Illinois Audubon Cites Shortcomings of Proposed Trap, Neuter, Release Legislation

Legislative Update

SB 641, now in the Illinois House of Representatives, amends the Animal Control Act to provide that money from registration fees from cats and dogs may be used to trap feral cats for spaying or neutering and return to the wild.

The Illinois Audubon Society opposes SB 641 because we feel that programs that seek to reduce feral cat populations via trap, neuter/spay, and release should (1) include provisions that prohibit the release of feral cats near wildlife areas, (2) protect the rights of neighbors potentially affected by the release, and (3) contribute to assessments of whether the program is having a measurable effect in reducing feral cat populations.  SB 641 does not address these concerns and leaves regulation of such programs to the counties in which they would be implemented.

Members should contact their legislator to express their opinions on this bill. (Find your legislator and contact information here.)


Background on Cat Mortality of Birds and Mammals

  • Cats are a significant source of bird and small mammal mortality. Estimates are that cats may kill more than 1 billion birds per year in the United States.1
  • Unowned (i.e., feral) cats contribute nearly two-thirds of the annual estimated bird mortality and 90% of the estimated annual mammal mortality.1
  • Cats also are believed to be responsible for two-thirds of the injuries seen in birds brought to wildlife rehabilitation centers and 73% of the small mammal admissions.2

Background on the Illinois Public Health and Safety Animal Population Control Act (510 ILCS 92/)

  • The Act was established in 2005 to implement an Illinois Public Health and Safety Animal Population Control Program.
  • The purpose of the program was to reduce the population of unwanted and stray dogs and cats in Illinois by encouraging the owners of dogs and cats to have them permanently sexually sterilized and vaccinated, thereby reducing potential threats to public health and safety.
  • Residents of the State who own a dog or cat and who are eligible for the Food Stamp Program or the Social Security Disability Insurance Benefits Program are eligible to participate in the program.
  • The Act also created the Pet Population Control Fund which holds money generated from public safety fines collected as provided in the Animal Control Act, from the sale of Pet Friendly license, and from voluntary contributions and which can be used to sterilize and vaccinate dogs and cats in this State pursuant to the program, to promote the sterilization program, and to educate the public about the importance of spaying and neutering.

SENATE BILL 641

  • Adds “spay, neuter, and vaccinate feral cats in programs recognized by the county or a municipality” to the allowable uses for the pet population control funds.
  • The existing allowable uses are (1) spay, neuter, vaccinate, or sterilize adopted dogs or cats; and (2) spay, neuter, or vaccinate dogs or cats owned by low income county residents who are eligible for the Food Stamp Program or Social Security Disability Benefits Program.

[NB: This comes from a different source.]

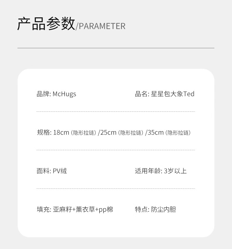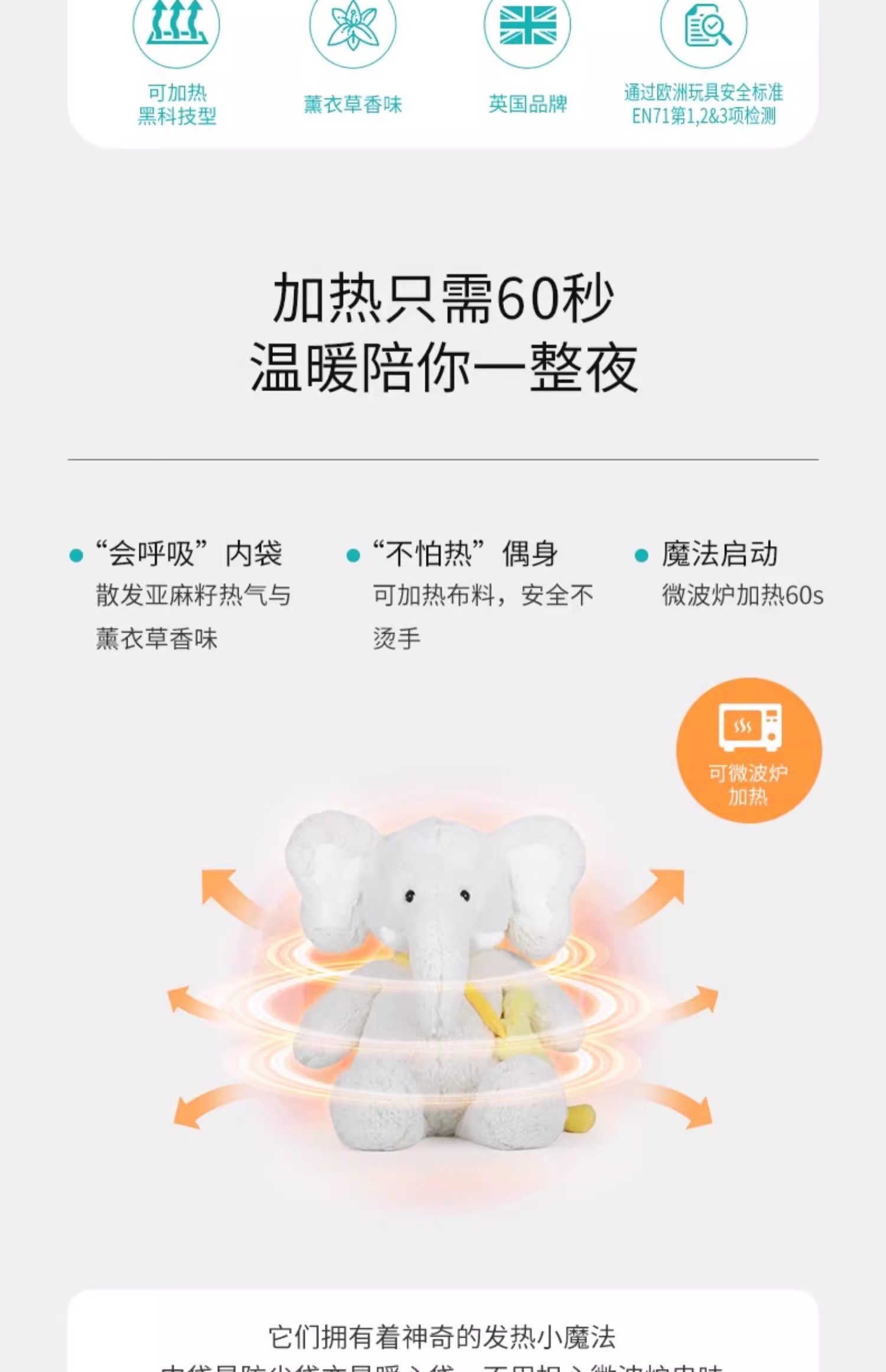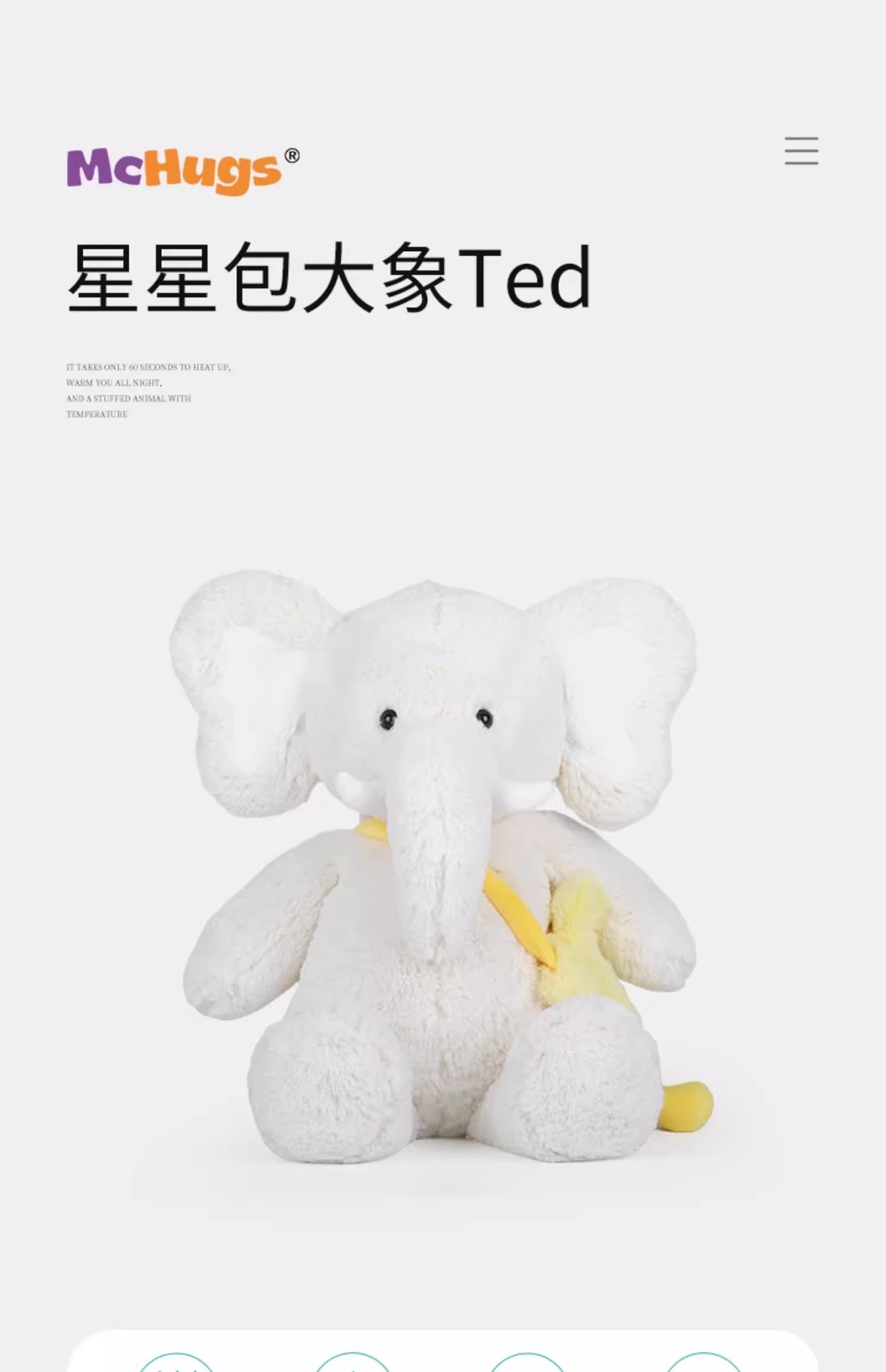 McHugs星星包大象玩偶薰衣草毛绒玩具可加热安抚娃娃礼物公仔抱睡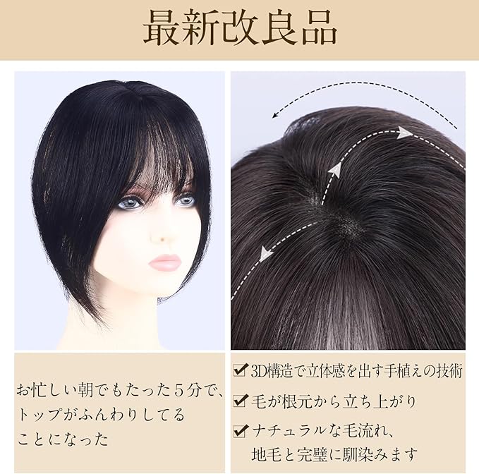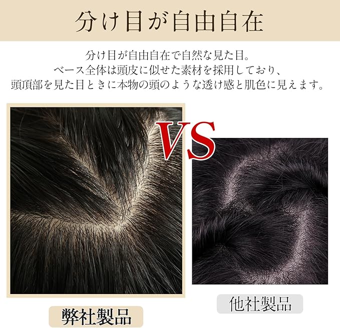 通気性が良く、快適に着用できる:通常のフルウィッグと比べて、私たちのトップピースはより通気性があり、自分の髪にぴったり合います。ベースは通気性の良いメッシュネットを使用し、湿度の高い季節でも蒸れにくいです。

1 Loss, S.R., Will, T., Marra, P. P. (2013), The impact of free-ranging domestic cats on wildlife of the United States. Nature Communications 4:1396

2 Mcruer, D.L., Gray, L.C., Horne, L.A. and Clark, E.E. (2017), Free-roaming cat interactions with wildlife admitted to a wildlife hospital. Journal of Wildlife Management 81:163–173.

4 thoughts on “Illinois Audubon Cites Shortcomings of Proposed Trap, Neuter, Release Legislation

  1. Thank you for sharing the Illinois Audubon’s humane position on this bill! TNR is cruelty to animals. Homeless cats live hard lives full of fear and die from disease, being hit by cars, freezing, being torn apart by dogs and other predators, and are often cruelly killed by people who consider them a nuisance . Before dying, they torment and kill native animals who are having a hard time surviving human encroachment and environmental degradation. Tax dollars shouldn’t subsidize cruelty to animals!

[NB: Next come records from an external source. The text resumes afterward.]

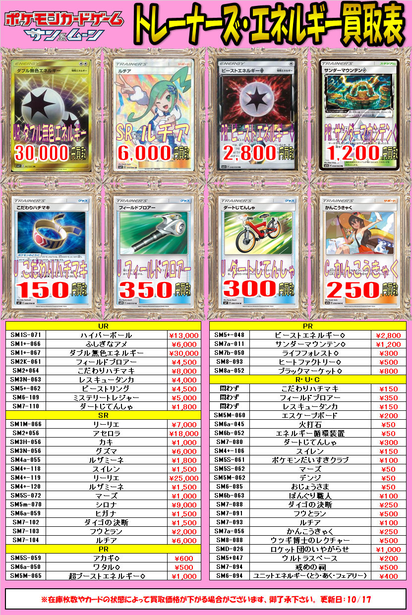 その他ですとカプ・コケコGXや鋼のジバコイル、ゼブライカなどが不足しておりますのでこの辺も是非買取にお持ち下さい!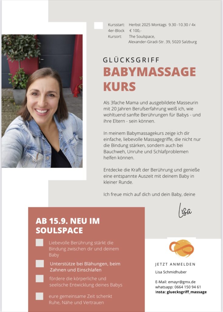 Als 3fache Mama und ausgebildete Masseurin mit 20 Jahren Berufserfahrung weiß ich, wie wohltuend sanfte Berührungen für Babys – und ihre Eltern – sein können.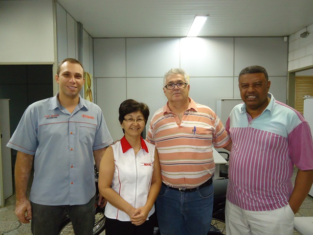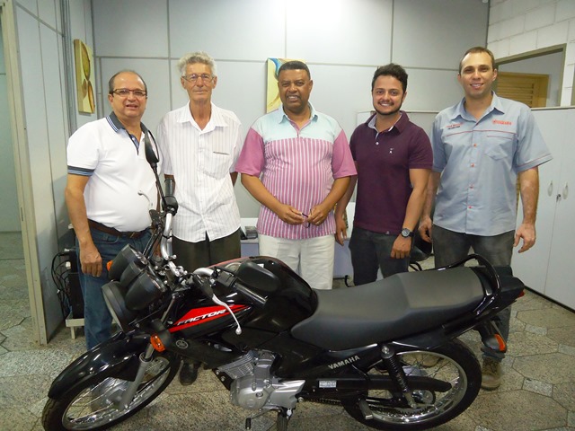 O presidente da ACE-Matão, Sergio Floriano, o proprietário da Piva Motos Yamaha e 2º tesoureiro da ACE-Matão, Leonardo Piva, e representantes da Drogaria Total e da Relótica participaram da solenidade de entrega.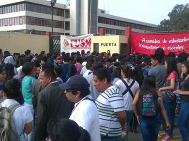 Con los rostros cubiertos, cientos de estudiantes tomaron la Universidad Nacional Mayor de San Marcos (UNMSM) exigiendo la salida de su rector, Pedro Cotillo. Los estudiantes impidieron la entrada de trabajadores administrativos y de autoridades universitarias al centro de estudios.

  2. The IL Legislature has a lot more pressing problems than trying to figure out how to release unwanted pets into the environment. They should focus less resources on finding new ways to harm wildlife and redirect that effort to doing their actual job. There needs to be accountability for groups that support this measure and consequences for the congressmen that support this effort (not just limited to this bill) by their votes in committee and on the floor.

  3. Amen, Mr. George. I love my two little terriers very much and if I were given the option to either euthanize or release them in the wild, euthanizing them is – hand’s down – the only choice. The cruel death which awaits domestic animals in the wild is the definition of inhumane.